While I’m not one to decry modernity, nothing has been sadder than the world’s collective movement away from some of the quainter and more comforting relics of a bygone era. The old school movie theatres with their cushy faux-velvet seats, slightly musty video stores with walls of of DVDs and cozy indie bookstores were, for me, happy places.
But while they’ve largely gone the way of the mega-theatre, Netflix (and we all love Netflix, naturally) and Indigo (also a great store, to be fair), some are still kicking.
And sometimes, new ones pop up.
For the first time in a very long time, Mississauga is home to a cozy independent bookstore. The Book Wardrobe, which recently opened on the second floor of the Robinson-Bray House on Queen St. in Streetsville, is filling the noticeable indie bookstore void in the city.

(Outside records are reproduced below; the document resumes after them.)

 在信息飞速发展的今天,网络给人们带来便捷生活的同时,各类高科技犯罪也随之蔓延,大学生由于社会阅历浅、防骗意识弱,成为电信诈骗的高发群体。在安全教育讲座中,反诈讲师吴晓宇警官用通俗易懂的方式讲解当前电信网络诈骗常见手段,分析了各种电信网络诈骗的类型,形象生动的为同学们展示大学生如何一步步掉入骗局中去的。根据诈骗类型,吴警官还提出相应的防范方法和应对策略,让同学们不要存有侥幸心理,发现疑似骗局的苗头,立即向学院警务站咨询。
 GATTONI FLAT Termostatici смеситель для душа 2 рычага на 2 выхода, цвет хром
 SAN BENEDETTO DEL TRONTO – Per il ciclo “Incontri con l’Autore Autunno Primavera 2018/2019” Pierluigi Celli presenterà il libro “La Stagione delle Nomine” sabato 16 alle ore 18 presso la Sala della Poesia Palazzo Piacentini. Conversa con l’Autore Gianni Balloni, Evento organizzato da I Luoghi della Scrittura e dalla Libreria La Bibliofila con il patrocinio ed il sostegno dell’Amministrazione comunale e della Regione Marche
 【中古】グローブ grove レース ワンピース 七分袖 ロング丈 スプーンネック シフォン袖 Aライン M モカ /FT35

“There are currently more than 46 indie bookstores in Toronto, 23 in Hamilton, 19 in Burlington, two in Georgetown and one in Brampton,” says Book Wardrobe operator Carmela Vedar, adding that her count does not include stand alone bookstores offering used books, comics/graphic novels and religious books/merchandise.

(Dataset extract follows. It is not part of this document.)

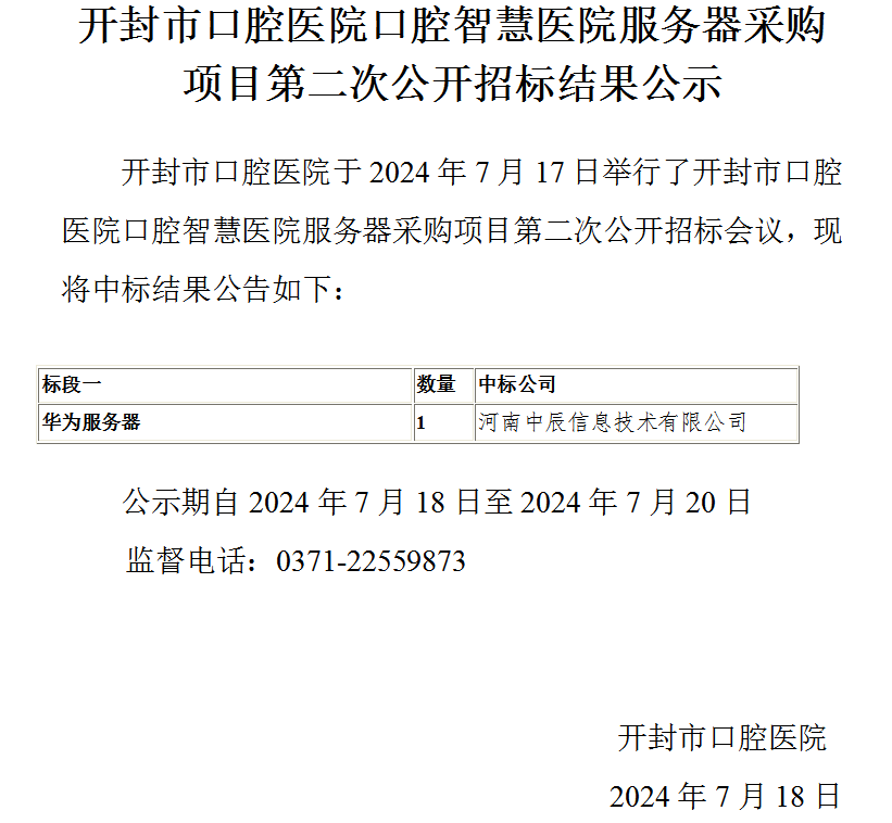 开封市口腔医院口腔智慧医院服务器采购项目第二次公开招标结果公示

Vedar said people’s ongoing love of those other independent stores made her question why a city like Mississauga doesn’t have a store of its own.
“The inspiration behind The Book Wardrobe was driven by the auspicious presence of these independent bookstores, a fact that their local communities have supported them through the years,” she said. “And so that made me wonder, why we don’t have one or more in our beloved Mississauga?”
In an email exchange with inSauga.com, Vedar offered up the aforementioned Gaiman quote (and it’s certainly a good–and pertinent–one) to illustrate that, for many people, bookstores act as both community spaces and tourist attractions.
“Even during our travels, my husband and I would make it a point to visit bookstores and include this in our itinerary. I call it my bookstore pilgrimage. The thrill of discovering a new bookstore in another country, or in a new local place, is a tourist attraction itself, for me, at least.”
So, what compelled Vedar to finally take the plunge?
“In July, an opportunity presented itself when we stumbled upon a 400-square feet retail space that was up for lease in the historic neighbourhood of Streetsville. It was the perfect size for a charming small bookshop. And Streetsville has the personality of sedate, happy domesticity, a time-indulgent trait that is ideal for a bookshop environment.”
As for the name, Vedar says it was chosen because her store is comparable to a really inviting walk-in closet.
“The retail space has the inviting character of a walk-in closet,” she says. “Aside from clothes, accessories and shoes in your wardrobe, why not add books to complete those killer looks? That’s how The Book Wardrobe’s name came to be. Cozy, airy, and pristine bright would best describe the bookstore’s interiors.”
In terms of literary offerings, Vedar says the store offers a curated selection of fiction, non-fiction, children’s books, young adult reads, cookbooks, poetry, health & self-help books, and art and photography tomes.
Ideally, the new shop will function as the neighbourhood bookstore, offering a mix of popular fiction (the kind you’d find at Indigo) and a few hidden gems that might be a little harder to hunt down.
“We encourage readers and customers to drop by the store and stay at their own pace. We believe there is a magical fulfillment in the unhurried flipping of the pages, drooling at book covers, ogling at book spines, engaging with fellow book lovers, and the smelling of the book-scented aroma of a bookstore.”
While the store will no doubt attract avid readers interested a quainter and more urbane experience, it could also function as a gathering space in the future. Vedar says the store could host local literary events, book signings and book club parties.
Ultimately Vedar hopes the store reinvigorates public interest in traditional bookstores.
“We believe The Book Wardrobe will spearhead the comeback of the traditional brick and mortar bookshop here in Mississauga,” she says.